If you're looking for something to do this weekend, the Shell and Pennzoil Grand Prix of Houston is a high speed street circuit race sure to get your heart pumping. The event brings the IndyCar series, the Pro Mazda Championship race and the Mazda MX 5 Cup race to NRG Park for three days of action.

But if you've never been to a circuit race and cars just aren't you're thing, don't worry. We've gathered a few tips from the professionals to ensure that you have a good time.

"I think its a great event to go to with friends or family," IndyCar series race car driver Simon Pagenaud tells CultureMap. "I would look at the program and find a driver or sponsor in the lineup, pick a driver to cheer for and go to the race. I think when your cheering for someone it's a lot more exciting."

  "I would look at the program and find a driver or sponsor in the lineup, pick a driver to cheer for and go to the race. I think when your cheering for someone it's a lot more exciting." 

There will be a total of eight races to watch during the event. There will be one IndyCar Series race on both Saturday and Sunday featuring many of same drivers who competed in the Indianapolis 500.

"You really want to be at that first corner of that race, right after the bridge to see how the drivers handle that turn," Pagenaud says. "Those cars are very reactive. It's kind of difficult to be on the edge and very easy to lose control of the car.

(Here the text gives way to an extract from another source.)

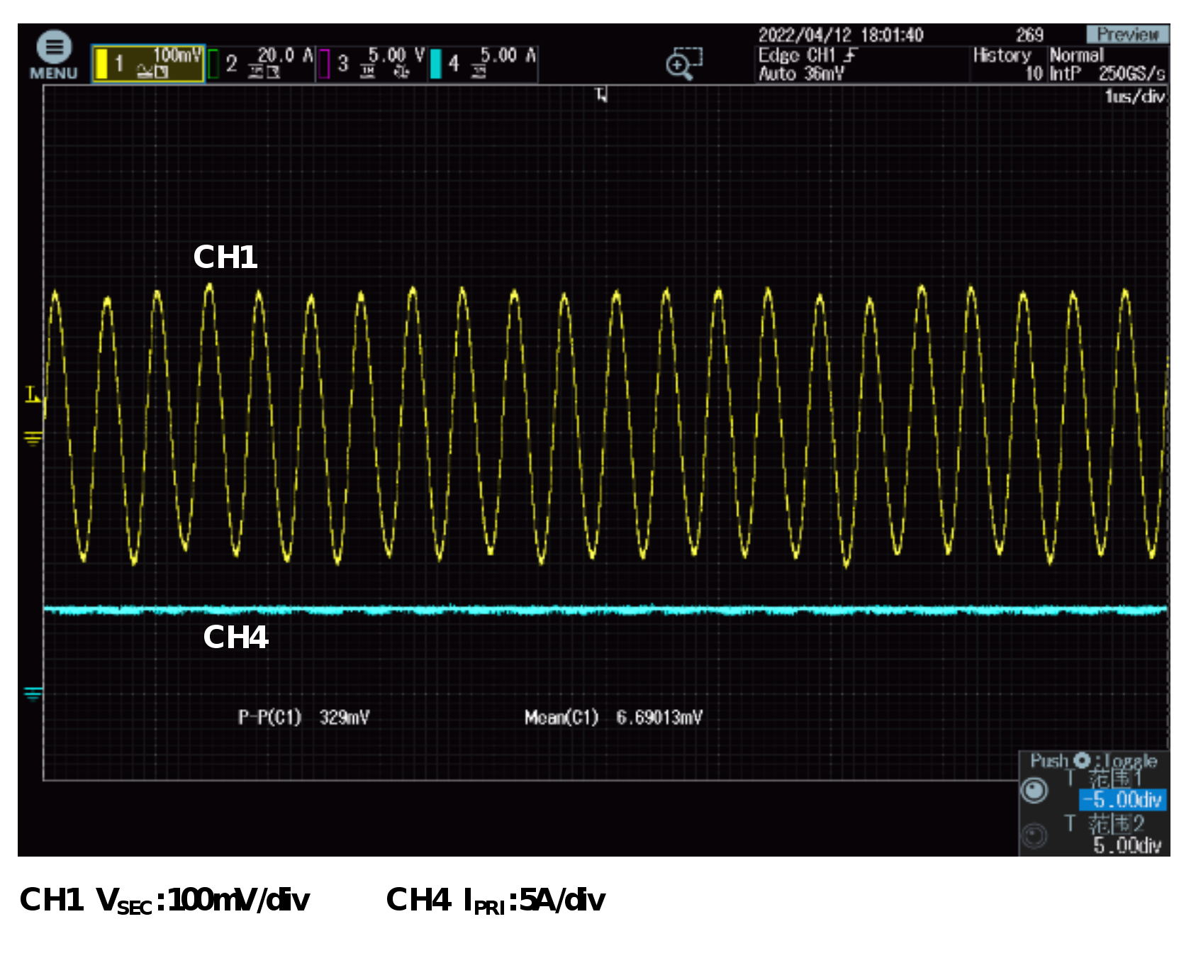 滿載輸出電壓紋波實測圖(無外部CSEC_OUT_EXT ,帶寬20MHz)
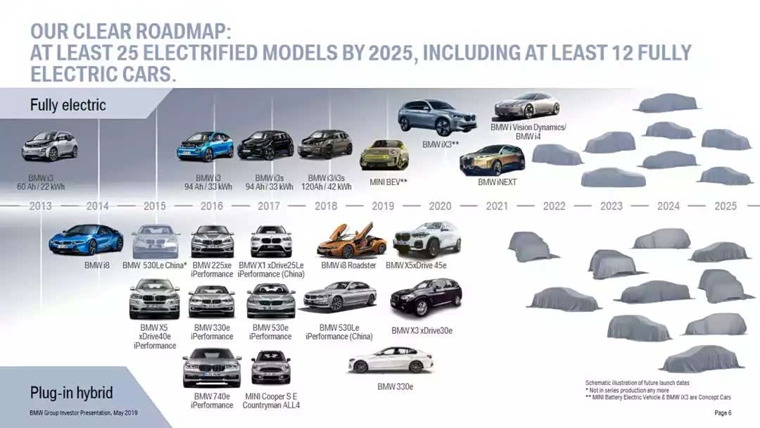 从宝马品牌在6年内规划25款新车这个动作来看,足以证明宝马对于新能源市场的重视,其中纯电车就多达12款。而宝马品牌首款纯电动车宝马iX3计划于2020年在华晨宝马工厂生产,并出口到美国以及欧洲地区。目前,2019年5月份已接近尾声,即将迎来的是全新MINI纯电动车和宝马330e插电混动车,至于新车会有怎样的表现,我们拭目以待吧!

"You might see something like smoke coming from the tires and that shows that the driver is having difficulty."

Due to the weight of the cars, the lack of power steering and the rate of acceleration, Pagenaud notes that G-forces can measure up to 3Gs, or three times the drivers' body weight.

"We'll lose about seven pounds this weekend because there's no power steering in those cars . . .  and you can imagine how difficult it is to keep that concentration for 90 laps with the Houston heat," Pagenaud says.

And even though it might rain this weekend, professional driver Lloyd Reed says that just one more reason to go. "The IndyCars will be going up to 180 (miles per hour)," Reed says. "If it rains they'll put on rain tires, but they'll still get out there. It should make for an interesting race." 

There are also a number of activities for those who aren't so fascinated by burning rubber. Grand Prix managing director Austin Crossley suggest that attendees check out the Family Fun Zone inside the NRG Arena.

"This year we have a Jumbotron so parents can cool off and still watch the race while the kids play on the climbing wall or assemble their own salt water model car at the Shell Energy Lab," Crossley says.

Race goers should also check out the team paddocks and staging areas, open to the public, to get an up-close-and-personal view of the cars and their driver. 

"The paddocks is where the team comes and sets up for the races, it's kind of like their garage," Crossley says. "This is the only sport where we let fans into the locker room. These cars are incredibly technologically advanced and once you experience that and get to see the cars on the track you'll get hooked."